Exercise directions -
Below are records with pictures in them. Transcribe everything from the line containing "Anethole is a" down to the line containing "1899 Gyertyánliget, Polyana-Gyertyánliget, Kabola", exactly, and leave the pictures behind.

___ Dataset extract

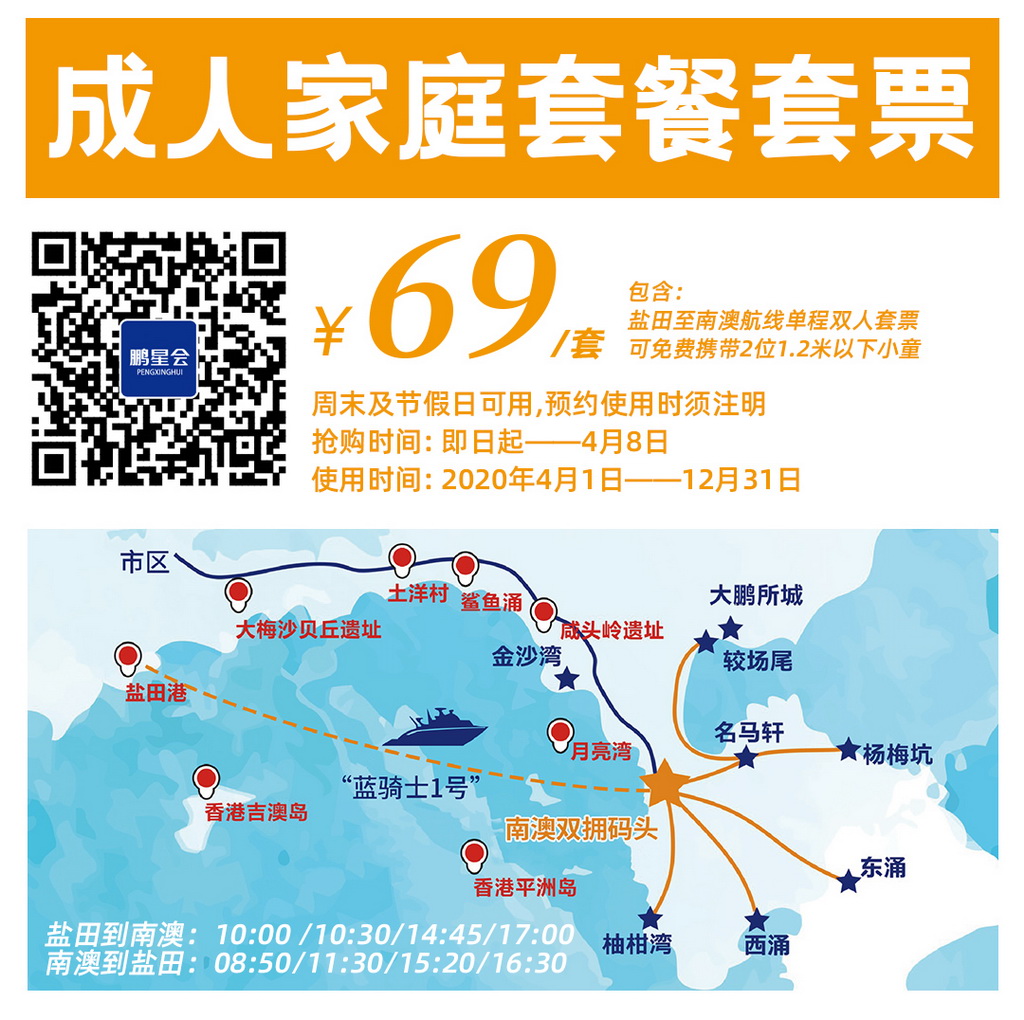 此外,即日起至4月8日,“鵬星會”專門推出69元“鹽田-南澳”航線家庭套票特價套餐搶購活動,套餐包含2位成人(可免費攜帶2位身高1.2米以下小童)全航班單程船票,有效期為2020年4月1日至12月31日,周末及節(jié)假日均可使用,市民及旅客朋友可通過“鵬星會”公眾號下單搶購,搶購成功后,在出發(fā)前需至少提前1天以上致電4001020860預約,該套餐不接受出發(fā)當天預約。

______
___ Dataset extract

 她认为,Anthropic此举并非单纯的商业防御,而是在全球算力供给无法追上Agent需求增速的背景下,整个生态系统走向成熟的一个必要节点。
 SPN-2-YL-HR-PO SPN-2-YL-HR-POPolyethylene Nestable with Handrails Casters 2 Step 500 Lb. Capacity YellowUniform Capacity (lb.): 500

______
___ Dataset extract

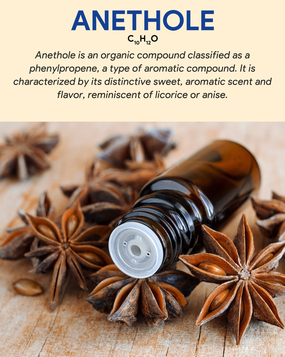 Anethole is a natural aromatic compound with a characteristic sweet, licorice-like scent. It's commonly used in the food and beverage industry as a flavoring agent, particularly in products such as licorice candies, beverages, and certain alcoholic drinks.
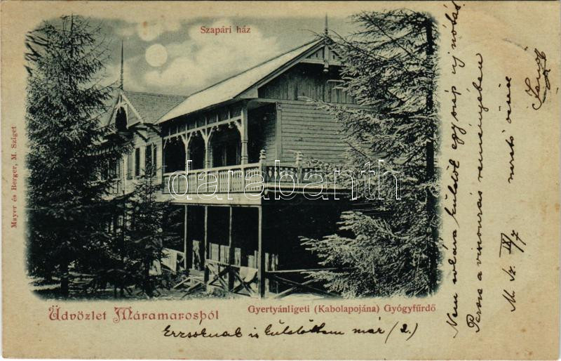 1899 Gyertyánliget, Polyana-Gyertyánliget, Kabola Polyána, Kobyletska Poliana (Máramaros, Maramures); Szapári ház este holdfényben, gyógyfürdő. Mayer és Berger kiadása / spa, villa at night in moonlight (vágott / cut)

______

Answer space -
 Anethole is a natural aromatic compound with a characteristic sweet, licorice-like scent. It's commonly used in the food and beverage industry as a flavoring agent, particularly in products such as licorice candies, beverages, and certain alcoholic drinks.
 1899 Gyertyánliget, Polyana-Gyertyánliget, Kabola Polyána, Kobyletska Poliana (Máramaros, Maramures); Szapári ház este holdfényben, gyógyfürdő. Mayer és Berger kiadása / spa, villa at night in moonlight (vágott / cut)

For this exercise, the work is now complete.